Since California became the first state to legalize medical marijuana more than two decades ago, the legal cannabis industry has grown in leaps and bounds. Retail sales in 2016 totaled more than $6.5 billion and sales have only grown since then, as voters in California, Nevada, and Massachusetts passed legalization measures at the ballot box. Legal cannabis businesses are regulated and taxed at the state and local level and have spawned support industries offering specialized advertising and other business services. Even so, the industry lacks access to one of the most fundamental business needs: a bank account.
On Thursday, the Federalist Society released a short film showing the difficulty marijuana businesses have accessing financial services since federal law means banks risk being charged with money laundering if they offer loans to cannabis companies.
“If a bank accepts money knowing that it came from an illegal business, like even a state legal marijuana business, that violates federal banking laws,” said Julie A. Hill, a professor at the University of Alabama School of Law, who has written about the issue.
Prohibitions on handling drug money are part of some of the most foundational legislation governing American banking.
“The Federal Credit Union Act and the Federal Deposit Insurance Act are the laws that effectively allow, mechanistically, for the financial institutions of the United States to work,” said John Hudak, a senior fellow in governance studies at the Brookings Institution.
“With those laws come the regulations that banks and other financial institutions must abide by. They forbid working with drug cartels, drug dealers, and really any business that works with drugs,” Hudak, continued.
This means that a bank or credit union holding accounts for a legal cannabis business risks facing federal money laundering charges. Thus far, the only thing preventing such lawsuits has been a lack of will on the part of federal prosecutors. After the revocation of the Cole Memo earlier this year, the cannabis industry is even more concerned. The Cole Memo was an Obama-era document directing the Department of Justice not to prioritize enforcing drug prohibition in states that voted to legalize and tax marijuana.
Some states have already tried to address the problem by creating their own financial institutions. However, this approach does not fully escape the FDIC trap, explained Hill, who described how difficult it is to operate a financial institution that could circumvent federal restrictions on cannabis loans.
“Even if you are a state-chartered credit union or bank, you probably still have federal insurance. Nearly all banks do and almost all credit unions do and because the federal government is providing deposit insurance, they believe they should have a say in whether the banks are operated in a safe and sound manner,” she said.
“Of course, when they start thinking about safety and soundness, they think about all sorts of things, including whether the bank does any any activities that post a reputational risk… If you do anything they consider unsafe or unsound, they can tell you to stop doing it and if you don’t, they can take away your deposit insurance, which effectively closes your bank,” she continued.
Banks that fail to report suspicious activities also run the risk of facing fines or other forms of retribution.
Even outside of these regulation, the realities of many modern banking technologies require working with the Federal Reserve. Banks rely on payment systems run through the Federal Reserve for services like direct deposits and wire transfers. These services rely on access to Federal Reserve systems. A financial institution operating outside of federal banking law would be unable to provide them.

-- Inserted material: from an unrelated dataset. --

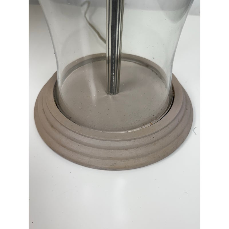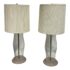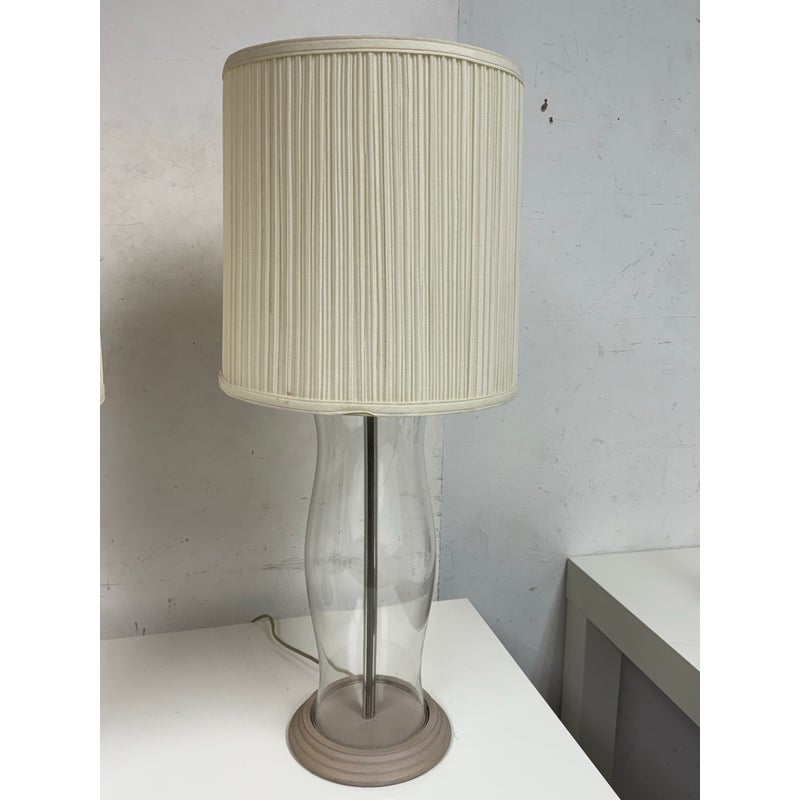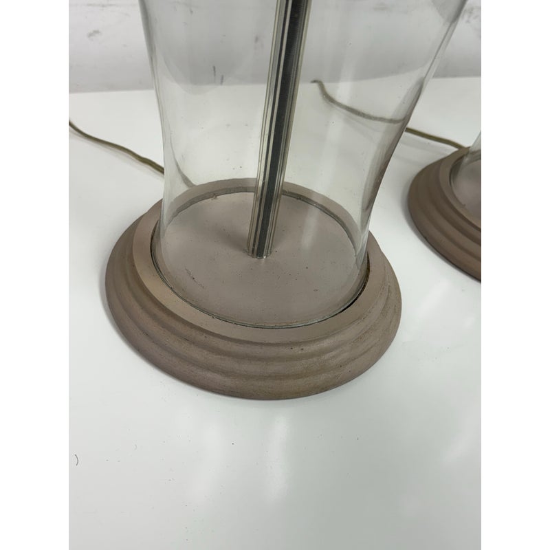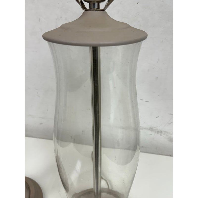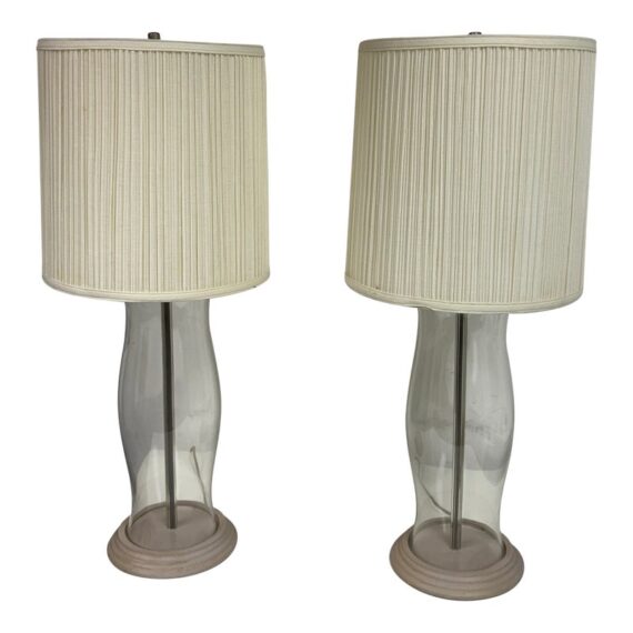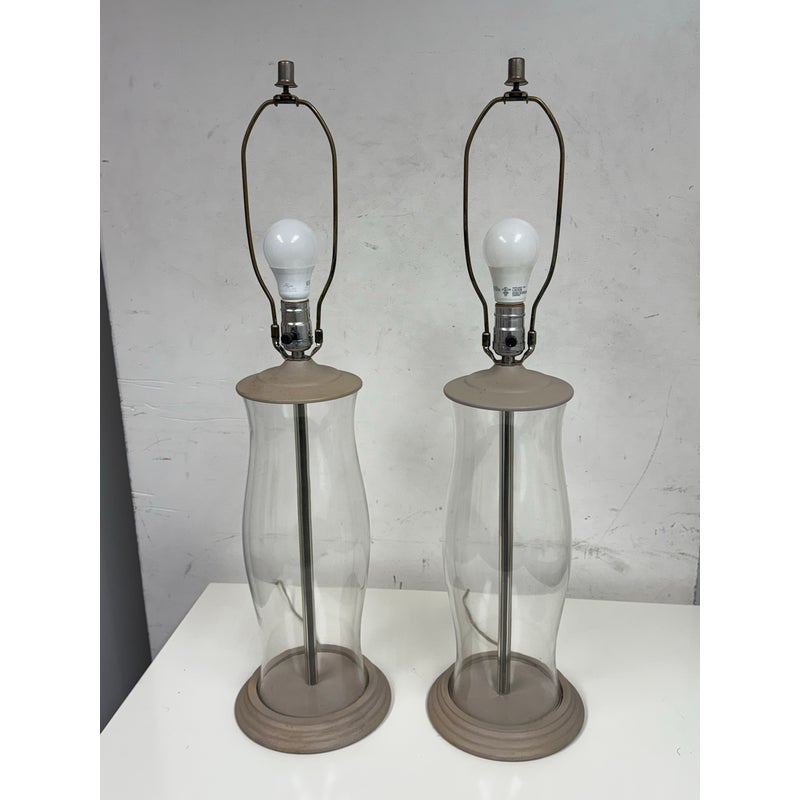 Design Plus Gallery presents a Pair of Vintage Table Lamps. Hurricane glass shape frames. The base and top is in a mud grey finish. Paired with linen drum shades that shows age and visible wear. Would benefit new lamp shades. In good condition.

Add in the fact that connections to illegal drugs could open up a bank to Treasury Department investigation and it is understandable why most financial institutions would rather leave the marijuana industry be. Federal regulations make banks unwilling to risk their survival by offering services to marijuana businesses.
So far, the legal cannabis industry has been operating in a gray area. This has made taxation and regulation of the industry more difficult and has created safety risks as many businesses operated in cash and were at a higher risk of robbery.
The problem is evident, but solutions are hard to come by. Legalization would certainly solve the issue, but has had little traction on the Hill. Another potential solution would be to reschedule marijuana, stopping short of full legalization, but allowing for it to be prescribed. This would make medical marijuana dispensaries legal and eligible for traditional loans. In addition, this would allow growers access to traditional capital markets if they exclusively supplied medical facilities. Congress could also amend banking legislation to allow cannabis businesses access to accounts.
Despite the need for federal legislation, so far, Congress has dragged its feet on the issue. In January, a group of attorneys general representing eighteen states and the District of Columbia, sent a letter to congressional leaders from both parties urging them “to advance legislation that would allow states that have legalized medical or recreational use of marijuana to bring that commerce into the banking system.”
“The grey market makes it more difficult to track revenues for taxation purposes, contributes to a public safety threat as cash intensive businesses are often targets for criminal activity, and prevents proper tracking of large swaths of finances across the nation,” the letter said.
Legalization also got a high profile boost on Thursday from prospective Democratic presidential candidate Sen. Kamala Harris (Cal.), who tweeted her support for a legalization bill presented by Sen. Cory Booker (D, N.J.) last summer.